Suggestions for shifting to a culture of meaning
If you’ve made it this far, I’m guessing you already basically agreed with the importance of shared meaning-making before ever reading this post. You probably also engage in productive knowledge spaces in the form of working sessions, pair or ensemble programming, or facilitated workshops.
My advice, therefore, is not about the first-order “how to make knowledge together,” but rather about how we can promote culture change to appropriately value social meaning-making and reflective practice.
My suggestions:
- Recognize that it takes active resistance for interpretation spaces to thrive in tech orgs. There is such a strong pull in our work systems to decompose work that it’s borderline revolutionary to center integration and meaning instead. It is likely to be uncomfortable and probably won’t be directly rewarded.
- Notice the conditions under which you are a not good as a knowledge-maker (e.g. early mornings, after too many other meetings). Avoid collaboration under those circumstances, because it reinforces the devaluation of collaborative spaces.
- Positively reinforce the meaning-making parts in meeting spaces. Example: “this conversation was valuable — I’d hadn’t realized we were using different definitions!”

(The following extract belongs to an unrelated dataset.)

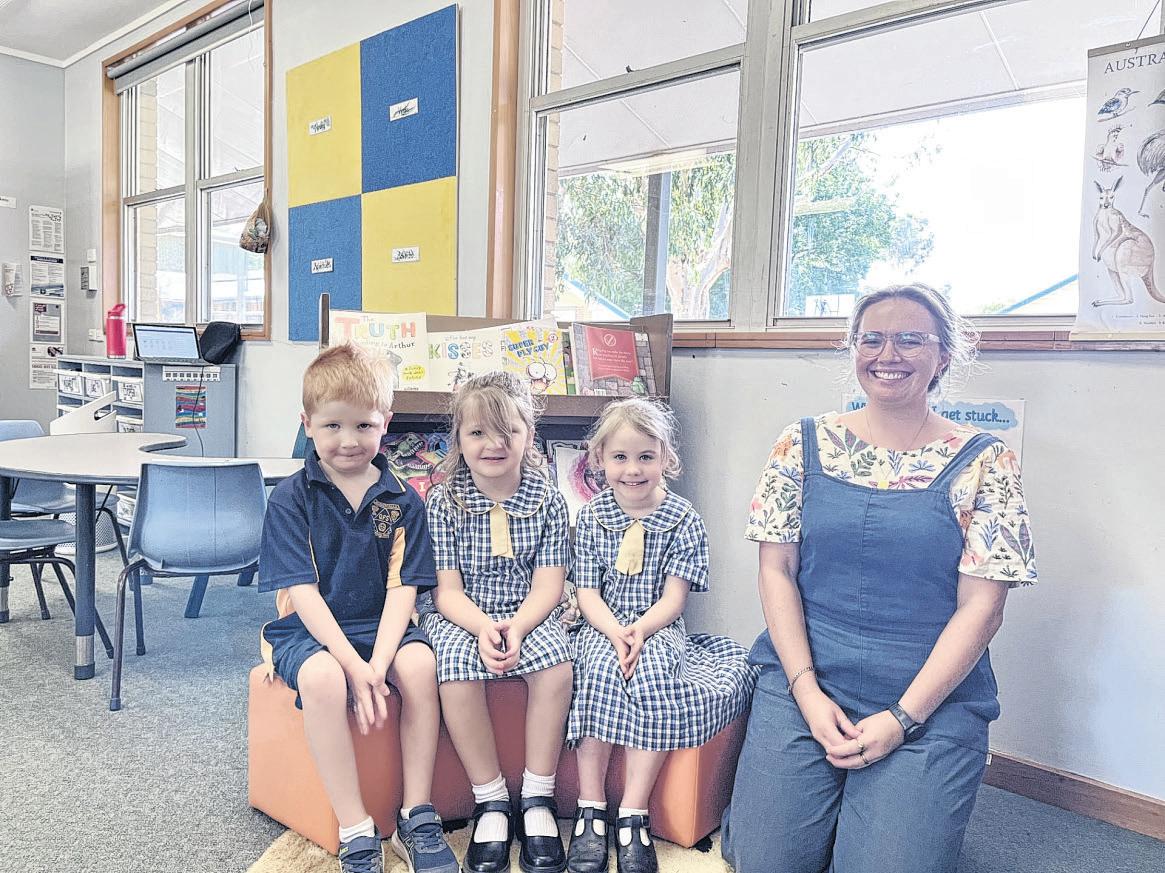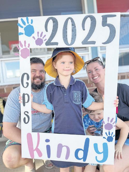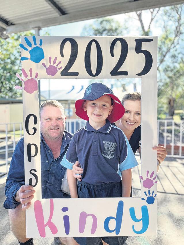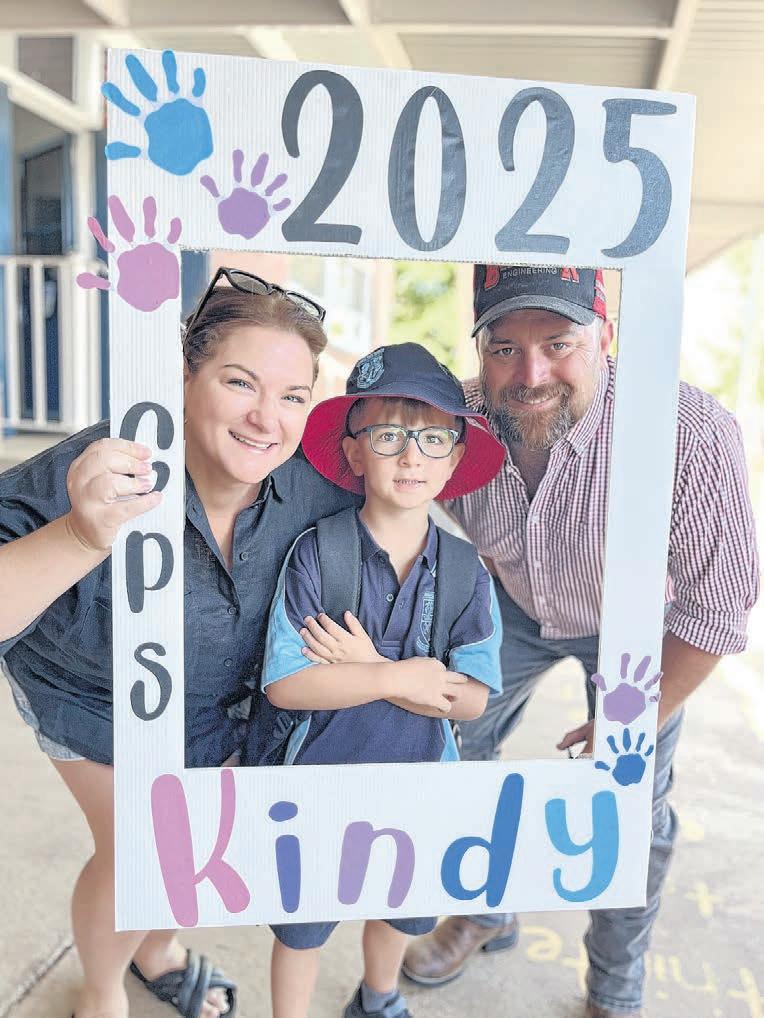 SCHOOLS around the region have welcomed new students to their first day of kindergarten as the school term has begun. Pictured above is Logan, Tanya, Stephen and Fletcher Kermath who were all excited for Logan on his first day of kindergarten. For more photos of the kindergarten class of 2025 heading into school for their first week, head to pages 4 and 8. PHOTO: Supplied
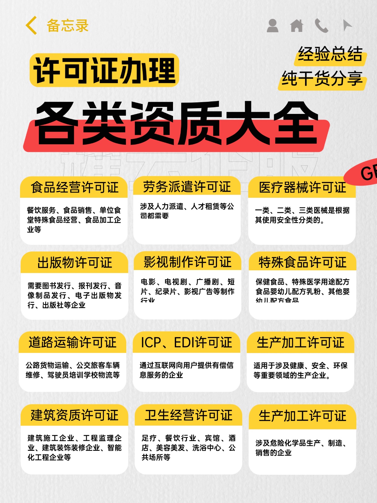 1、增值电信业务经营许可证(ICP、EDI、SP、IDC、CDN、ISP、VPN、呼叫中心业务等);

- Negatively reinforce the one-way or mechanical tasks in shared spaces Examples: shift simpler communciations to written or recorded media, ringfence reading time for others if necessary, and most importantly, lead by actually reading what others communicate to you async.
- Be mindful of zoom levels and different cognitive tasks. Although people may be passively gathering signals on different levels, it’s difficult and disorienting when the actual conversation shifts levels and lenses too fast. It helps to develop a richer understanding of different sub-activities of knowledge production.
- Resist the urge to fill in the hunger for meaning with lists and tasks. Conversations with these as a primary focus are the empty calories of a working life. Fair play if they exist to provoke the useful conversations, though.
- Shift personal development away from project management mechanics like backlog management or forecasting and towards knowledge and communication topics like facilitation, collaborative decision-making, effective writing.
- Get inspired by learning collectives. There are many, but I’ll highlight Decolonial Futures as doing especially interesting and radical work.
And finally please. Please. PLEASE stop saying that meetings aren’t work. That’s toxic productivity culture speaking. That’s the dominant power structure trying to preserve a split between thinkers and doers. It’s a perspective that rejects the dignity of knowledge work and of your colleagues as knowers. If we want to do justice to ourselves and our fellow thinkers, if we want fulfil the promise of knowledge work as creating and not merely extracting value, we can start by honoring our meeting spaces.